◆ Records supplied ◆
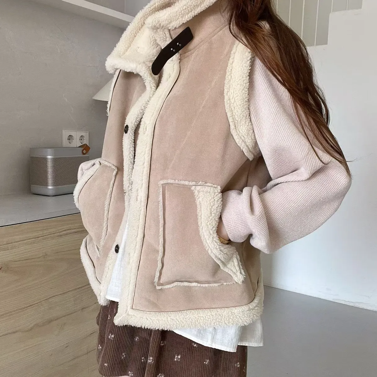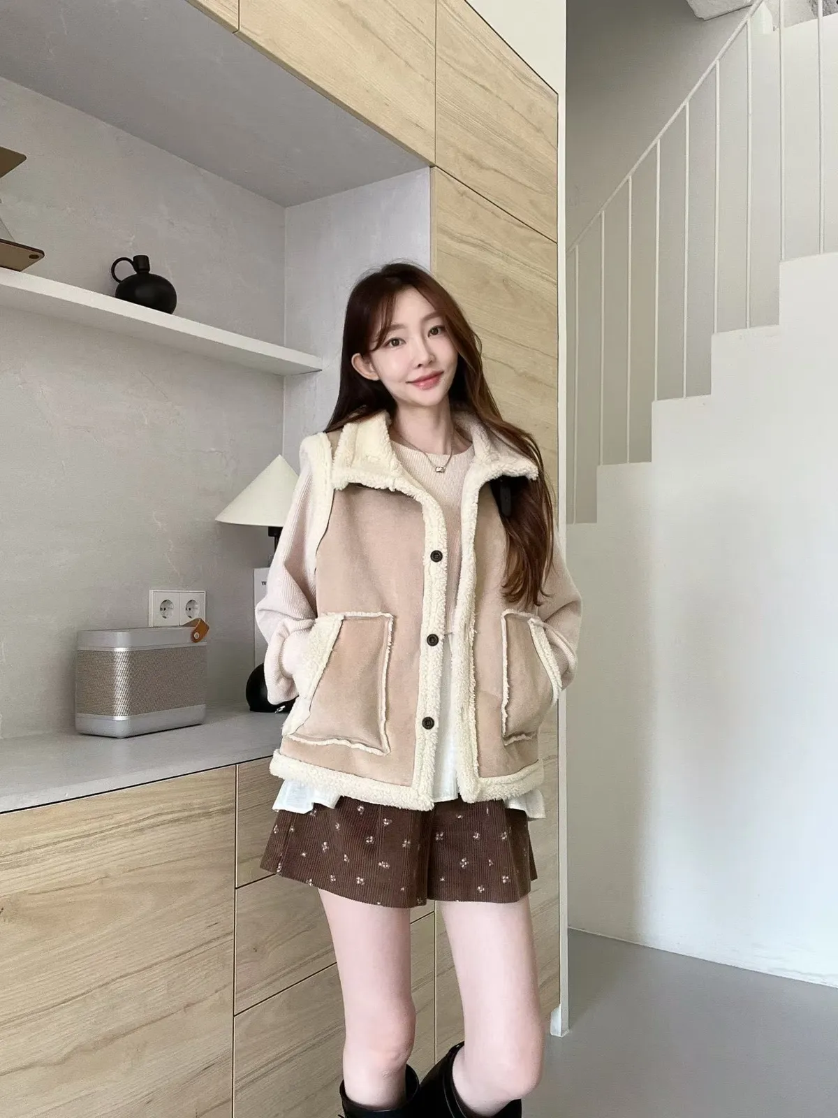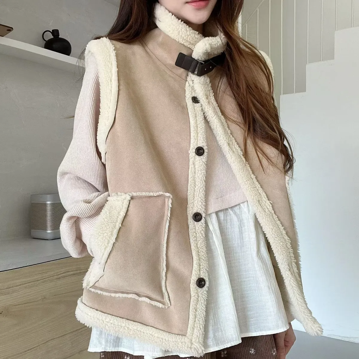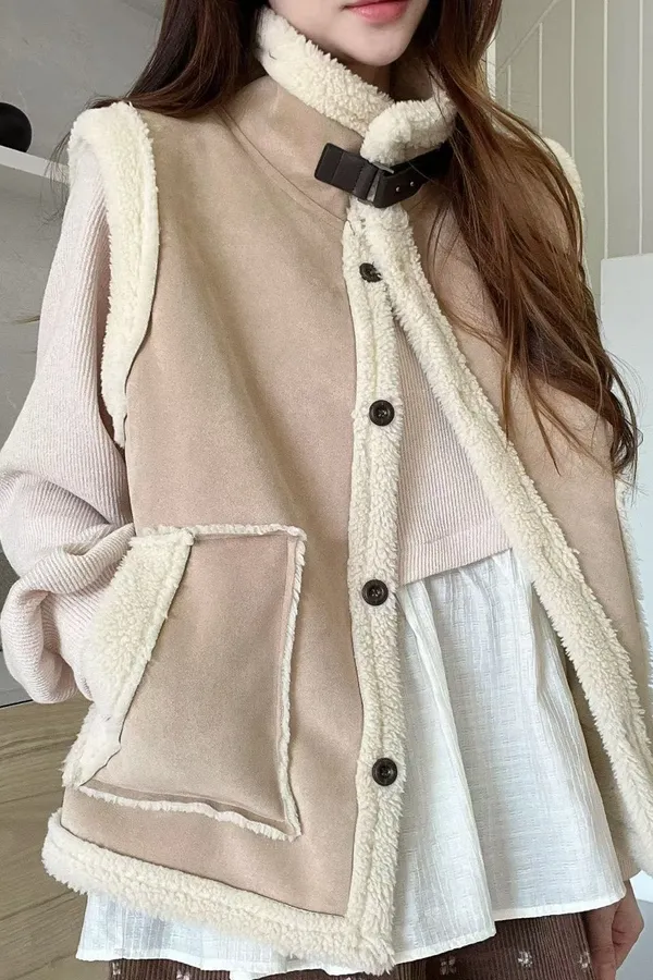 C113仙女歐膩輕麂皮羔毛背心
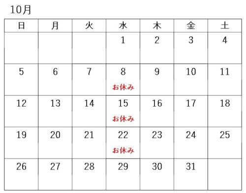 ◆10/8、10/15、10/22の水曜日がお休みになります。
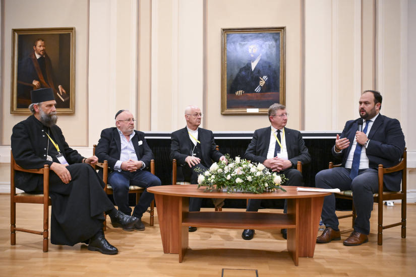 A fotón Nacsa Lőrinc, a Nemzeti Vallásturizmus Intézkedési Terv megvalósításához szükséges intézkedések koordinációjáért felelős miniszteri biztos (jobbra) beszél a II. Nemzeti Vallásturizmus Fórum megnyitója utáni kerekasztal beszélgetésen a Debreceni Református Kollégium dísztermében 2023. november 27-én. Mellette Kocsis Fülöp, a Hajdúdorogi Főegyházmegye érsek-metropolitája, Horovitz Tamás, a Debreceni Zsidó Hitközség elnöke, Ternyák Csaba, a Magyar Katolikus Egyház Egri Főegyházmegye érseke és Fekete Károly, a Tiszántúli Református Egyházkerület püspöke (balról jobbra). Fotó: Czeglédi Zsolt / MTI
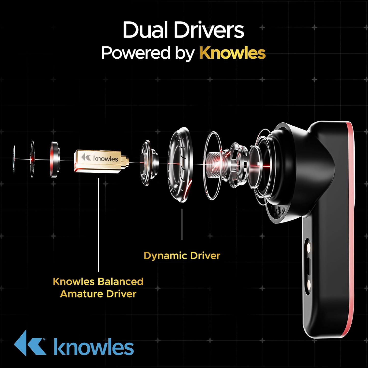 Knowles-Powered Dual Drivers with boAt HiFi Sound: Dive into the audio realm with the thumping boAt HiFi Sound from the 10 mm drivers of the boAt Nirvana X TWS Earbuds. Additionally, the two Knowles-enabled drivers reciprocate the frequency response of the preferred listening curve in your earbuds for a highly enjoyable audio experience.
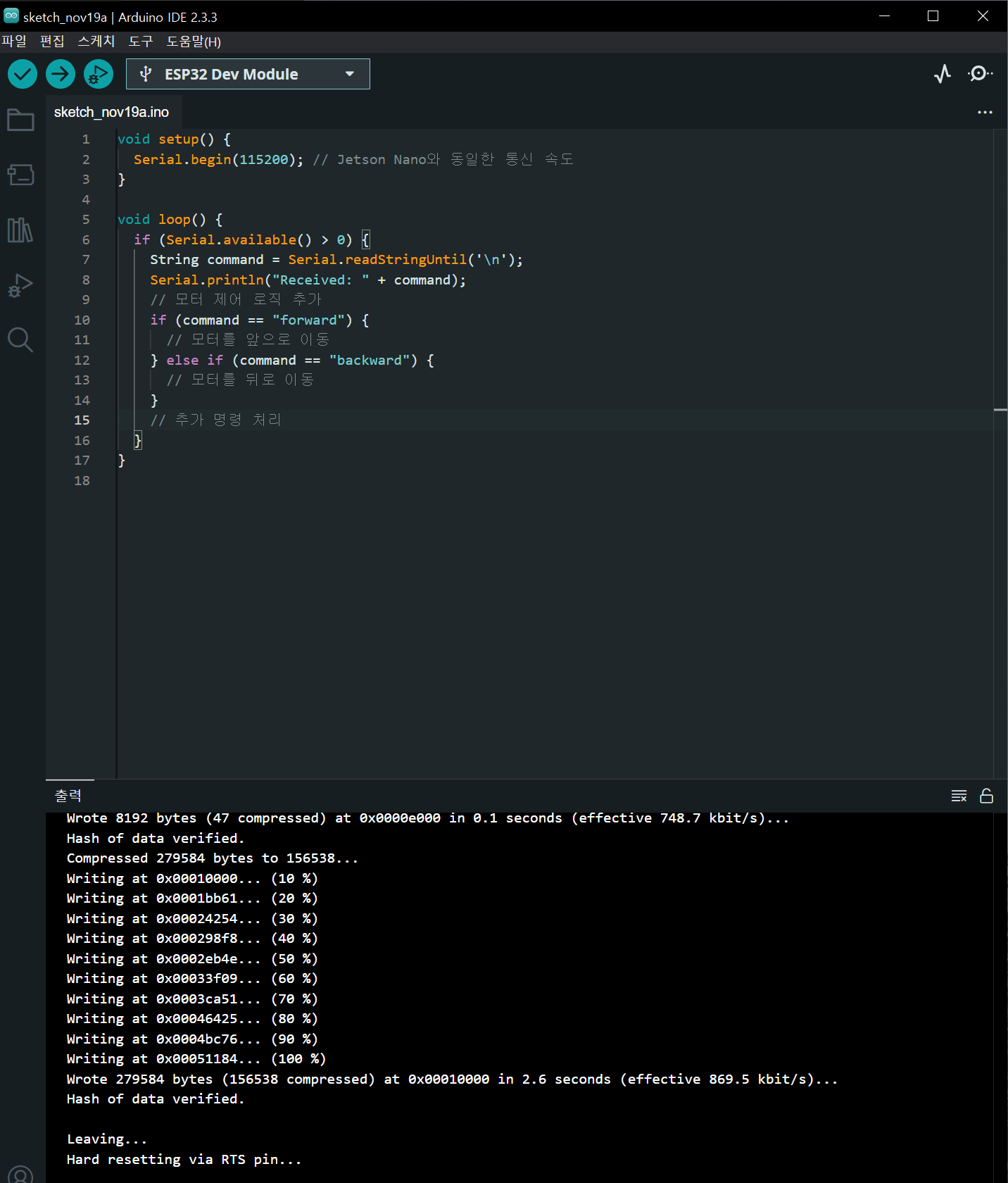 Serial.begin(115200); // same Jetson Nano board rate}
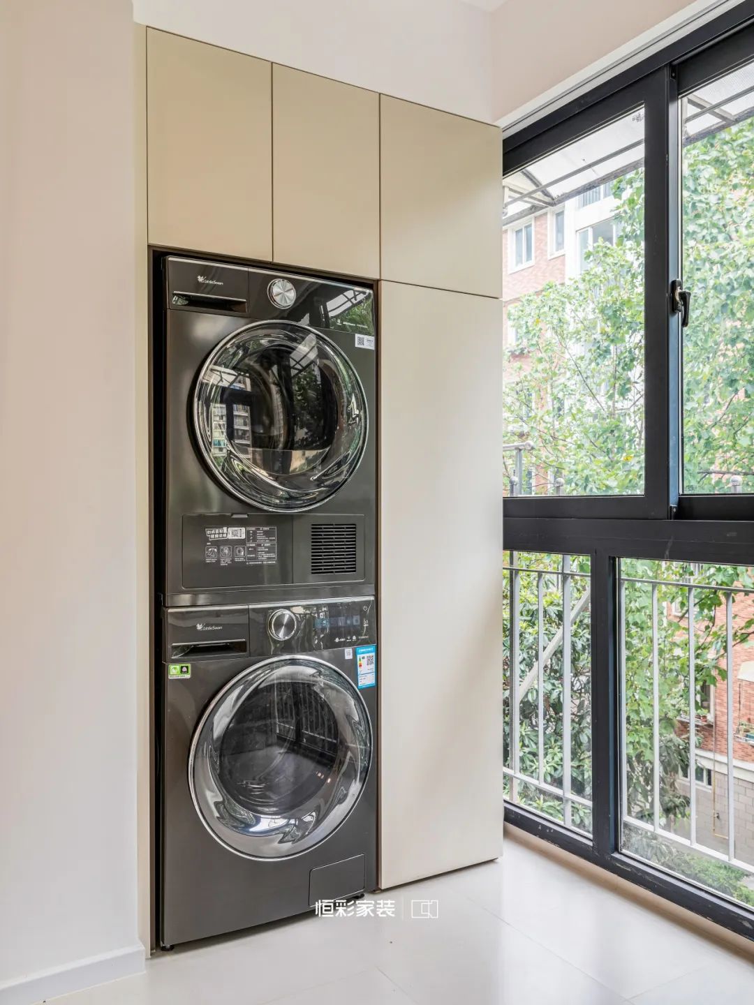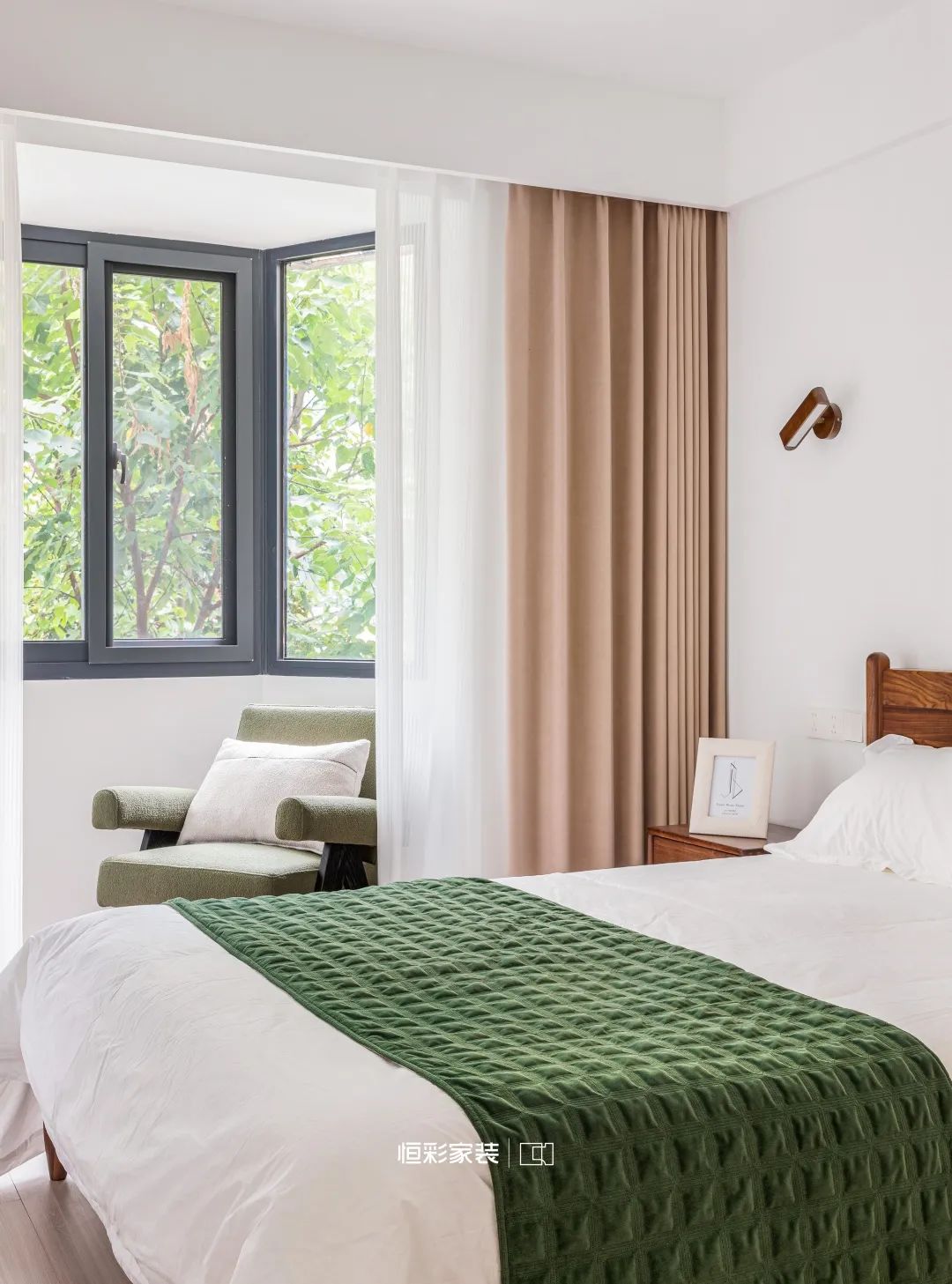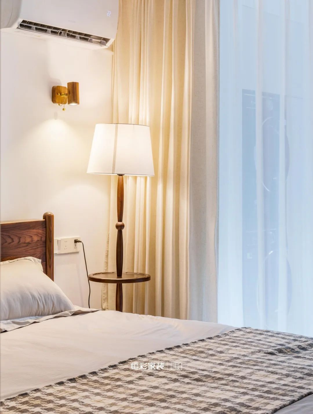 透过窗洞窥见淡烟疏雨、簪星曳月,只余较纯粹的致远。阳光透过窗隙洒落,似有似无,朦胧顿生。次卧似主卧般清冷纯净,心绪柔和成诗。

◆ Exercise brief ◆
Your task is to retype exactly, and only, the lines from the one that holds "Serial.begin(115200); // same" through the end of the listing, both end lines included, without any pictures.

◆ Result of this task ◆
 Serial.begin(115200); // same Jetson Nano board rate}
 透过窗洞窥见淡烟疏雨、簪星曳月,只余较纯粹的致远。阳光透过窗隙洒落,似有似无,朦胧顿生。次卧似主卧般清冷纯净,心绪柔和成诗。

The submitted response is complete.